Although we have shown that using caCORRECT improves the accuracy of derived gene expression data and the assessment of fold-change between pairs of arrays, this improvement in gene expression data quality has yielded only modest improvement in the reliability of biomarkers identified from a cohort of RCC samples. Specifically, we have shown using ROC area under the curve analysis that caCORRECT can improve the reliability of biomarkers identified from data affected by severe chip artifacts, without degrading performance on clean data. For the task of identifying differentially expressed genes from a cohort, much redundancy exists in the data themselves, and the impact of a single bad quality chip on the overall experiment is understandably small. The largest impact of caCORRECT is expected in applications which are relatively data-poor, or where the information on a single array is precious. The affycomp benchmark is such a "data-poor" application where differential expression is assessed based on head-to-head comparisons. The evidence that caCORRECT improves fold change assessment in the affycomp data thus supports the hypothesis that caCORRECT may be more noticeable in data-poor situations. An application of this is a clinical scenario in which a cohort of arrays is used to train a predictive model, but a single microarray is used to determine diagnosis or treatment decisions for a single patient. While throwing out a poor quality array may be suitable practice during model training, it is not an option during testing. A method such as caCORRECT could prove to be the difference between a correct and an incorrect clinical decision.

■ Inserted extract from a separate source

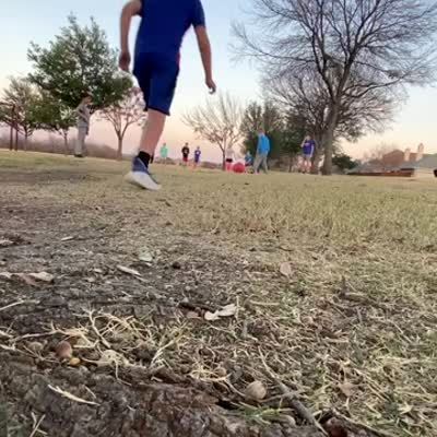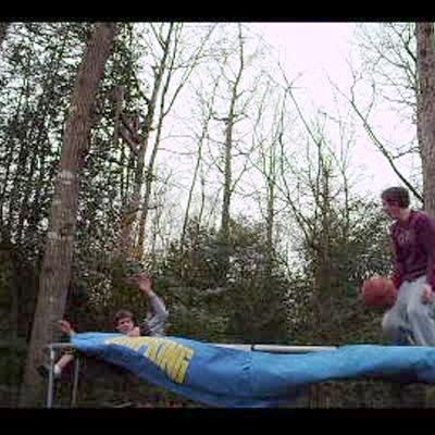 Kids jump on trampoline with giant snowball - which nails one kid in crotch; groin
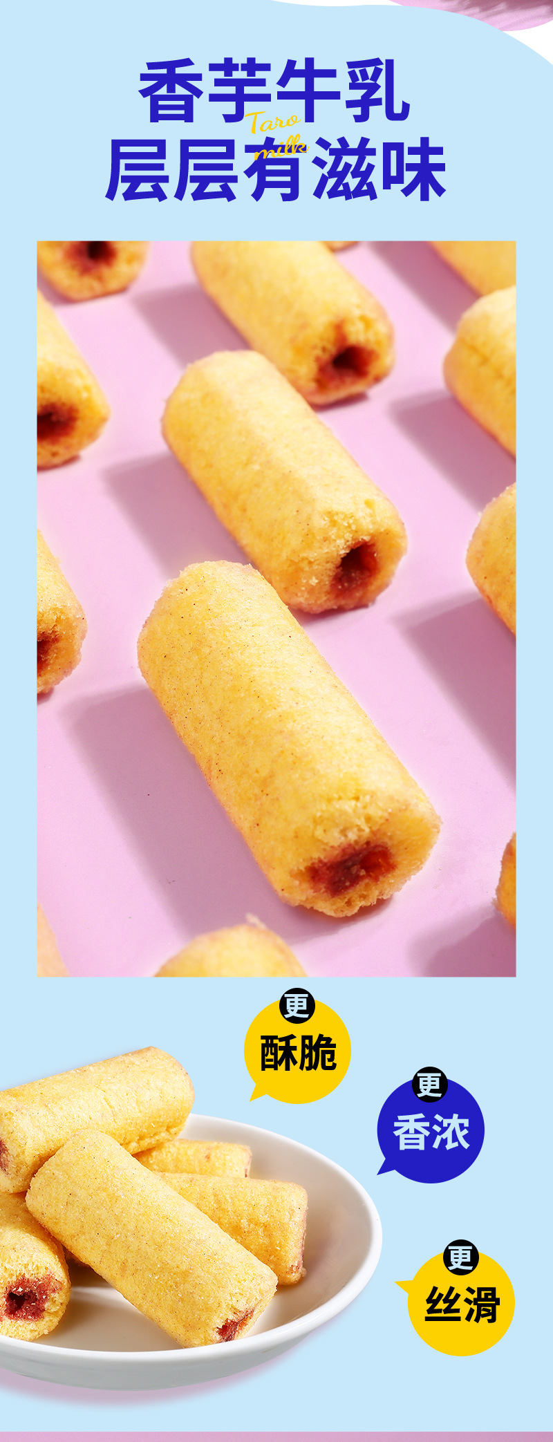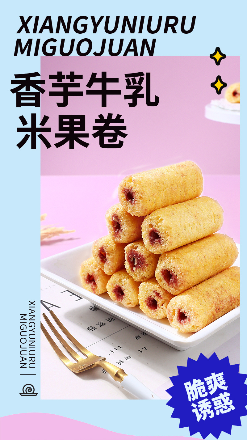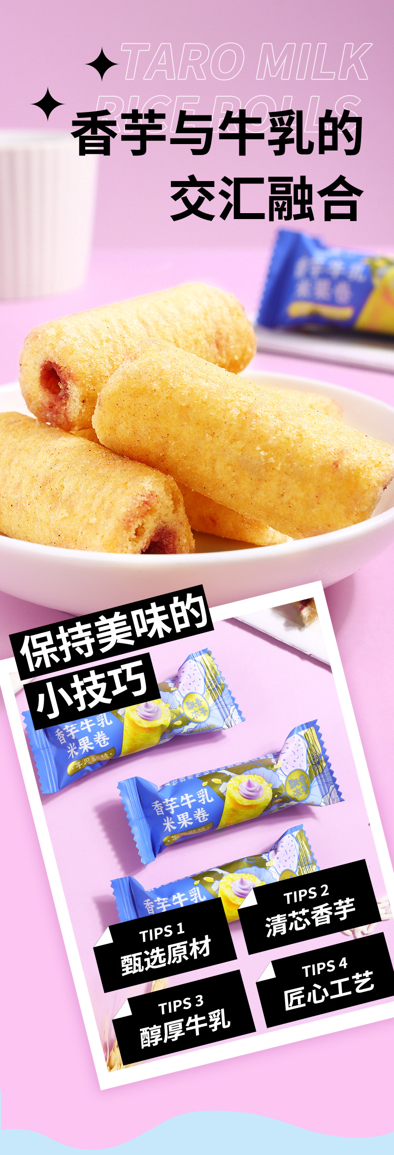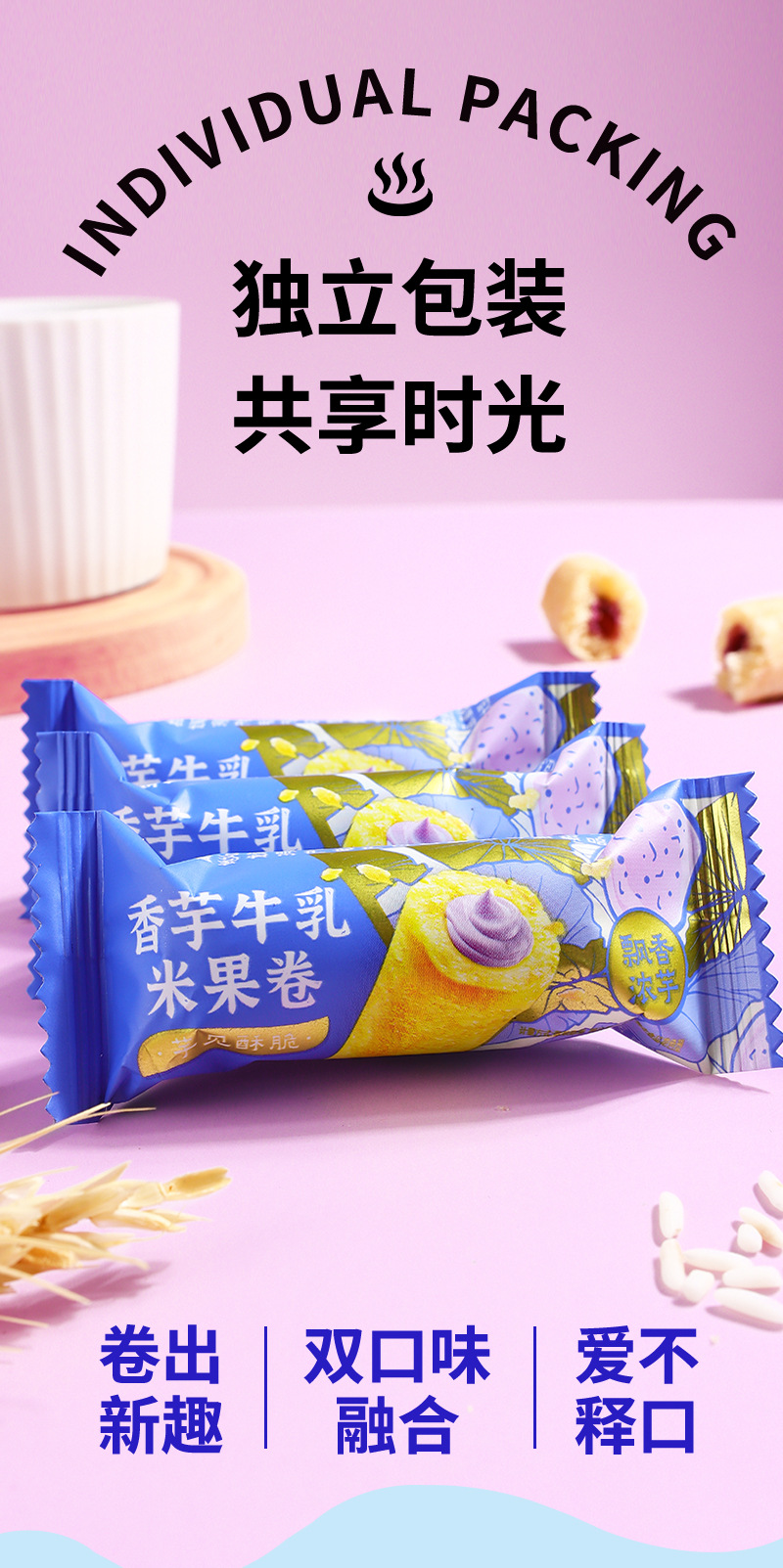 【19.9抢80包❗香芋牛乳米果卷】内层柔滑夹心谷物清香,香芋牛乳层层有滋味,双重口感爱不 释口,米香恒温烘焙独立包装休闲小零食食品散装QQ

We have demonstrated two fundamental reasons why caCORRECT represents a theoretical improvement over previous methods, as well as empirical evidence showing improved performance in gene expression accuracy and subsequent biomarker selection in the presence of severe artifacts and in the affycomp data. We expect that caCORRECT will be helpful for new experimentation as well as for revisiting the conclusions of archived microarray data that may suffer from artifacts.

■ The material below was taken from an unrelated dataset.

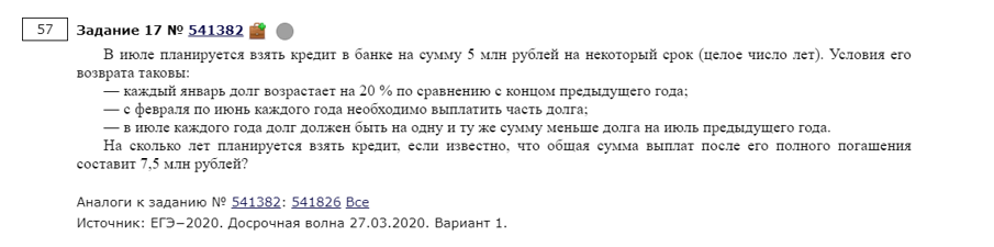 Но в этом есть и плюс – по сути, организаторы официально признали, что никакого усложнения экономической задачи ждать не стоит – если раньше разговоры «дадут оптимизацию» еще имели какой-то смысл, сейчас очевидно, что сюрпризов не будет, и достаточно освоить решение всего лишь ДВУХ типов задач, чтобы разобраться с ней на ЕГЭ. Это задачи с фиксированными и дифференцированными платежами. Второй тип по праву считается более сложным - если вы разберетесь с ним, бояться вам будет больше нечего.

For all "caCORRECT" in this manuscript, version 2.1 of caCORRECT was used, as provided at http://cacorrect.bme.gatech.edu. The canonical bioconductor R-implementations of Harshlighting, RMA, MAS5.0, PLIER, and affycomp were also used. What follows in this section is a brief review of the previously published caCORRECT procedures which are pertinent to this study, as well as a description of the improvements which have been made since previous publication . Much of the following text has been reproduced with modification from RAM's doctoral dissertation .
The cornerstone of caCORRECT's outlier detection is the concept of variance scoring, which is a description of each probe's tendency to be an outlier. Calculation of this score, h, is similar to conducting a t-test for whether or not the observed probe intensity for a given chip belongs to the observed distribution of probe intensities for all other chips in the dataset. A key feature of caCORRECT is that this distribution is estimated and updated multiple times during the course of a single caCORRECT session. Because of this dynamic updating, it is possible to identify subtle artifacts or pardon false artifacts that may have been misdiagnosed initially. Please refer to File01_supplement.pdf, "Supplemental Methods", for a more detailed description of how the variance score is calculated.
Once the variance statistic, h, has been calculated for each probe on each chip, false-color heat maps of h, showing probes in their original spatial layout, are generated to display regions of high noise. For a good quality microarray chip, h will represent biological variation in RNA expression for the sample. In this case, h will be distributed independently and nearly-uniform in magnitude throughout the chip. More commonly, however, protocols do not achieve uniform hybridization due to uneven drying, formation of salt streaks, scratching of the microarray surface due to contact with skin or dust, miscalculated hybridization times, or failure to control environmental variables such as ozone . All of these most common mistakes result in localized regions of large h (artifacts) on the heat map.
caCORRECT uses a simple sliding window method to flag probes that meet two conditions: (1) they exist in regions of other high h-scoring probes, and (2) they have high h scores themselves. These two conditions ensure that most of the obvious artifacts are caught, but that most of the naturally occurring biological variance goes unnoticed. Because the intended platform for caCORRECT is a web-based grid service, artifact identification has been streamlined for speed and memory efficiency. More computationally intense methods such as active contours, PDE-based methods, or shape matching have been excluded in favor of a quick marching window algorithm that seems to work well for a wide range of data. To remove any global chip effects that arise from sample preparation or amplification, normalization is performed as described in the following section.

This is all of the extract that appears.